### Task brief
No pictures, please. Copy exactly the lines from the one with "1920. Max Richards" through the final line below.

### Input data
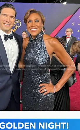 Robin Roberts on Good Morning America on ABC was spotted wearing this sequin gown at The Emmys on Good Morning America on Sep 16 2024's episode. Robin's Dress is the Robin Dress by Marc Bouwer.
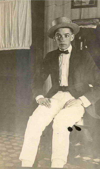 1920. Max Richards sitting on a piano bench. Photo donated by Margary (Richards) Hanson
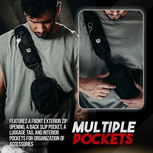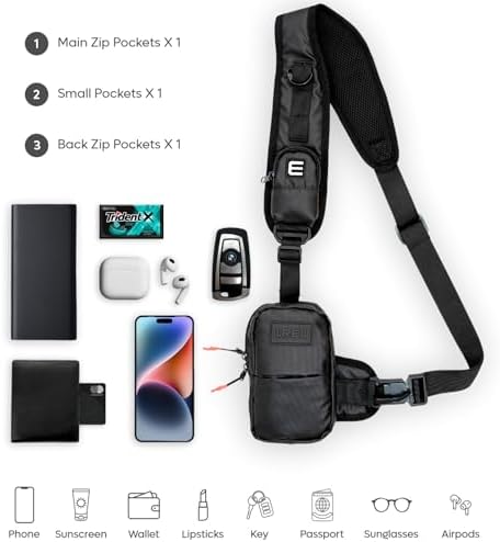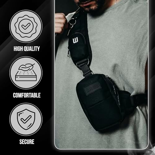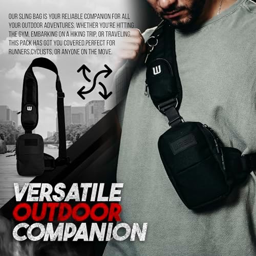 WREW Small Sling Bag for Men-Cross body bag with Shoulder Straps,Mini Sling Crossbody bag for Women-Travel Backpack for Hiking,Daypack Multipurpose Over the Shoulder Chest Bags with Keyholder(Black)
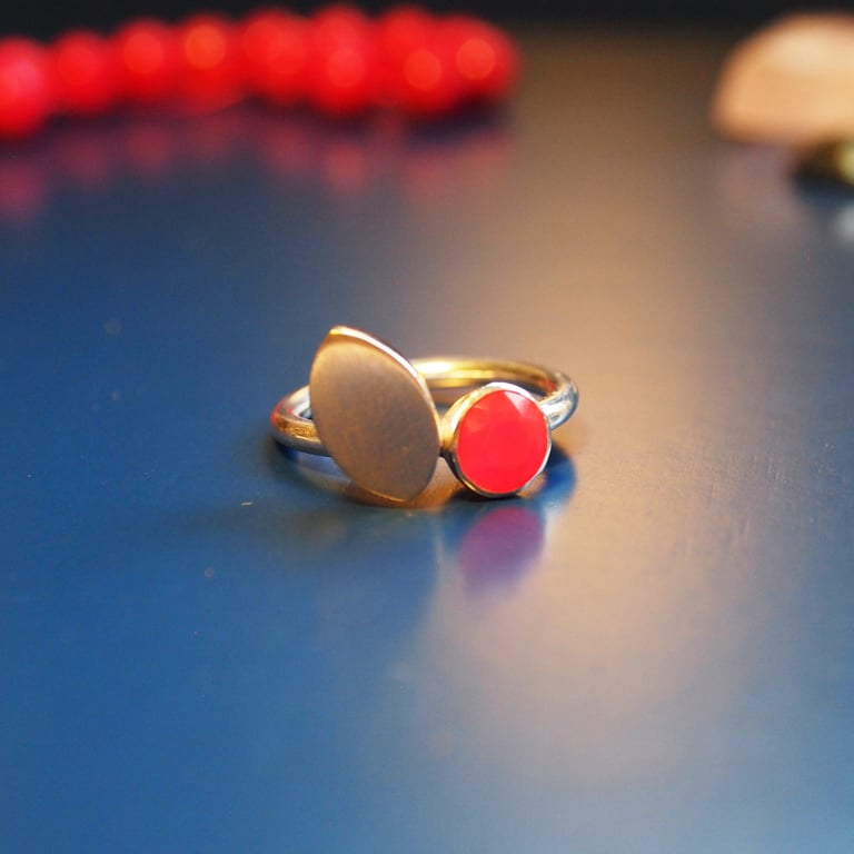 This ring is adorned with the most beautiful coloured pink gawa stone and the most tactile 3D lense shape. It is all hand made in a jewellery workshop just north of dundee.

### Result below
 1920. Max Richards sitting on a piano bench. Photo donated by Margary (Richards) Hanson
 WREW Small Sling Bag for Men-Cross body bag with Shoulder Straps,Mini Sling Crossbody bag for Women-Travel Backpack for Hiking,Daypack Multipurpose Over the Shoulder Chest Bags with Keyholder(Black)
 This ring is adorned with the most beautiful coloured pink gawa stone and the most tactile 3D lense shape. It is all hand made in a jewellery workshop just north of dundee.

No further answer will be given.